The housing of the needleless binding unit 430 is composed of a front plate 501, a rear plate 502, an upper frame 503, and a lower frame 504. In the pair of tooth-shaped portions (the pair of pressure-bonding members) for pressure-bonding, the upper tooth-shaped portion 505 is fixed to the upper frame 503, and the lower tooth-shaped portion 506 is coupled to the lower frame supporting portion 504a via the movable shaft 507, the upper pressure link 508, the movable shaft 510, the lower pressure link 509, and the movable shaft 512. By this connection, the lower tooth portion 506 becomes a link mechanism that extends and contracts vertically. In order to operate the link mechanism, the connecting member 515 connects the movable shaft 510 and the crank 525, and moves the lower tooth portion 506 up and down by the rotation of the crank 525. The crank 525 is a rotary member that rotates in a predetermined direction to bring the pair of pressure contact members (the upper tooth 505 and the lower tooth 506) into a spaced-apart state and a pressure contact state periodically. The rotation of the crank 525 in one direction is referred to as "forward rotation", and the rotation in the opposite direction to the rotation in one direction is referred to as "reverse rotation". The forward rotation according to the present embodiment is a predetermined direction (predetermined direction), and details thereof will be described later.

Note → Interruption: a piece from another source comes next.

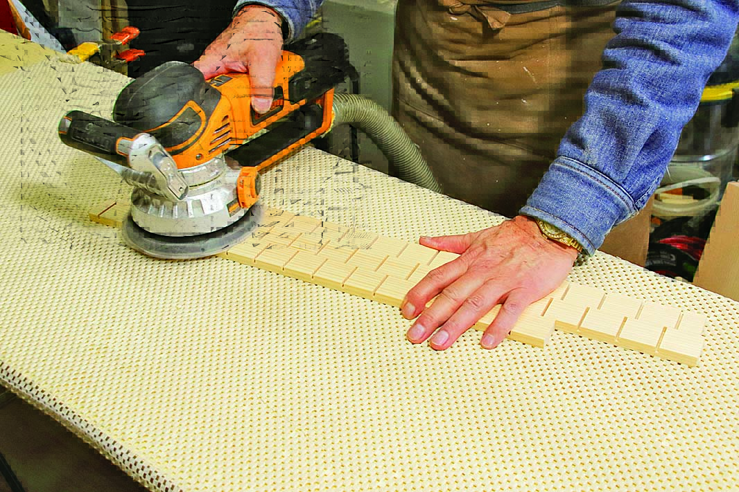 6.木材を紙やすりで整える 。

The crank shaft 525b of the crank 525 is supported by the pressing frame 520, and thus the crank 525 can rotate about the crank shaft 525 b. As shown in fig. 28, a drive gear 530 is fixed to one end of the crank rotation shaft 525b, and a drive motor 531 is driven to obtain a driving force.

A home position shutter 541 and a crank position shutter 546 which rotate in conjunction with the rotation of the crank 525 are fixed to the other end of the crank rotation shaft 525 b. Further, a home position sensor 540 and a crank position sensor 545 are disposed for each shutter. The controller 400 (see fig. 4) receives detection signals from the sensors, and controls the rotation of the drive motor 531 based on the detection signals.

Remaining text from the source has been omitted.